Consider a distributed database where two clients concurrently update the same record. What matters is not when the updates occurred in absolute time, but whether one update could have seen the other. If the updates are truly concurrent (neither saw the other), the system needs conflict resolution. If one happened after the other, the later one supersedes (overwrites) the earlier.

This is a question of causality, not chronology. Logical clocks answer this question without relying on synchronized physical clocks.

The Happened-Before Relationship

Leslie Lamport’s 1978 paper, Time, Clocks, and the Ordering of Events in a Distributed System, revolutionized how we think about time in distributed systems. Lamport realized that physical time does not matter. What matters is the potential causal relationship between events.

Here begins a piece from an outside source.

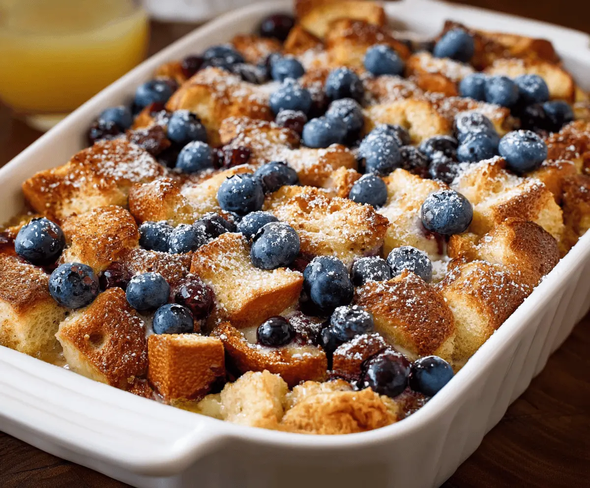 This Blueberry French Toast Casserole is a fun and tasty breakfast dish! It combines soft bread, fresh blueberries, and a creamy egg mix baked to perfection.

Lamport defined the happened-before relationship, written as \(\rightarrow\), as a partial ordering on events. A partial ordering allows some pairs of elements to be incomparable; in our case, concurrent events have no ordering. This contrasts with a total ordering, where every pair of elements must be ordered (we’ll see how to create a total ordering from Lamport timestamps later).

Definition: For events \(a\) and \(b\):

If \(a\) and \(b\) occur on the same process and \(a\) occurs before \(b\) in that process’s execution, then \(a \rightarrow b\)
If \(a\) is the event of sending a message and \(b\) is the event of receiving that message, then \(a \rightarrow b\)
If \(a \rightarrow b\) and \(b \rightarrow c\), then \(a \rightarrow c\) (transitivity)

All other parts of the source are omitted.